Thus, for example, you have an obligation to identify wrongdoing that you witness, to identify someone in a police line up, to notify the police of criminal activity, and to testify at a trial when you posses pertinent information. This information is essential for society to accomplish its purposes and to make its legitimate choices. Similarly, the information presented must be accurate; obviously, reasonable choices depend on accuracy of information. Doubtful information must be presented with qualifications, whether it concerns a crime that you witnessed or things you have heard about others.
At the same time that you have these obligations to communicate information, you also have the right to remain silent; you have a right to privacy, to withhold information that has no bearing on the matter at hand. Thus, for example, a man or woman’s previous relationship history, sexual orientation, or religion us usually irrelevant to the person’s ability to function as a doctor or police officer, for example, and may thus be kept private in most job-related situations.

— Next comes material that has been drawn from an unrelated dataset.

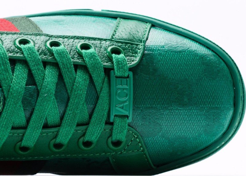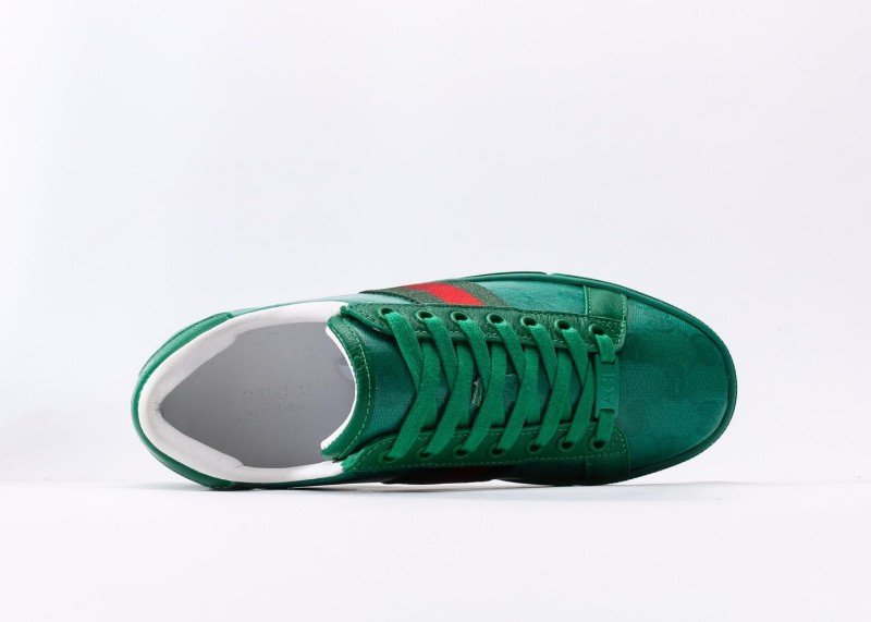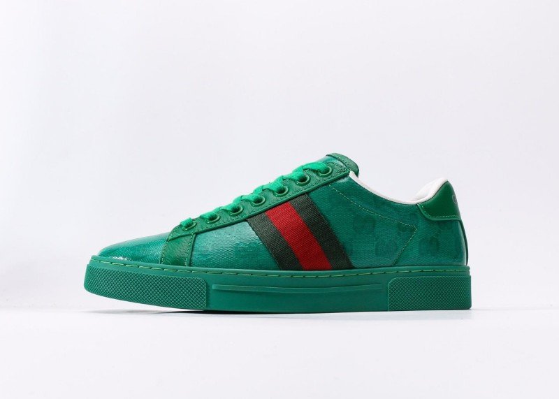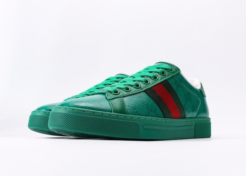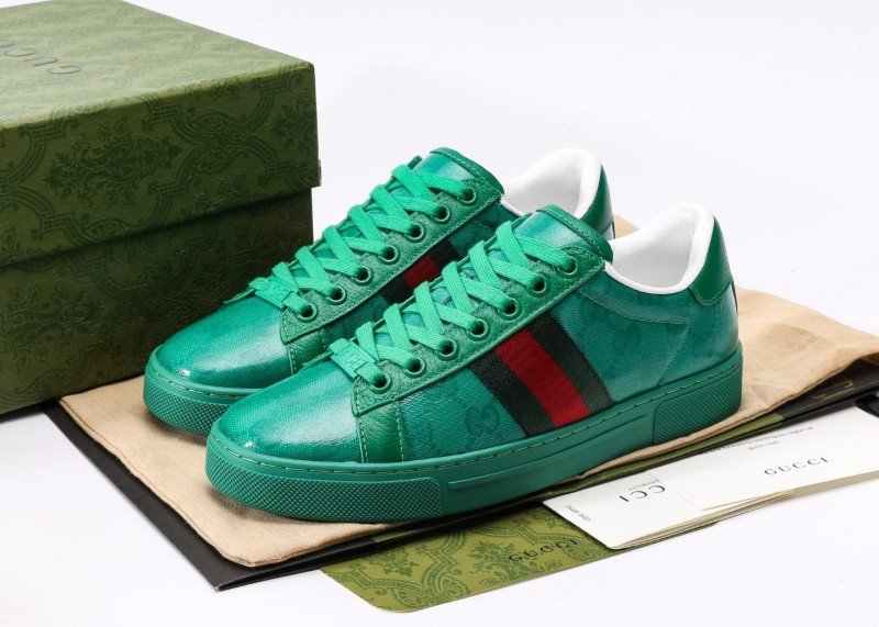 Gucci Green Sneaker Collection features market-exclusive high-end glueless technology, with dark green upper and classic double G embossed pattern, accented by green side stripes, available in sizes 35-46A.

If these issues become relevant say, the person is about to enter a new relationship then there may be an obligation to reveal previous relationships, sexual orientation, or religion, for example, to the new partner. In a court, of course, you have the right to refuse to incriminate yourself, to reveal information about yourself that could be used against you. But you do not have the right to refuse to reveal information about the criminal activities of others. In Canada, only lawyers and marriage partners are exempt from this general rule if the “criminal” was a client or spouse.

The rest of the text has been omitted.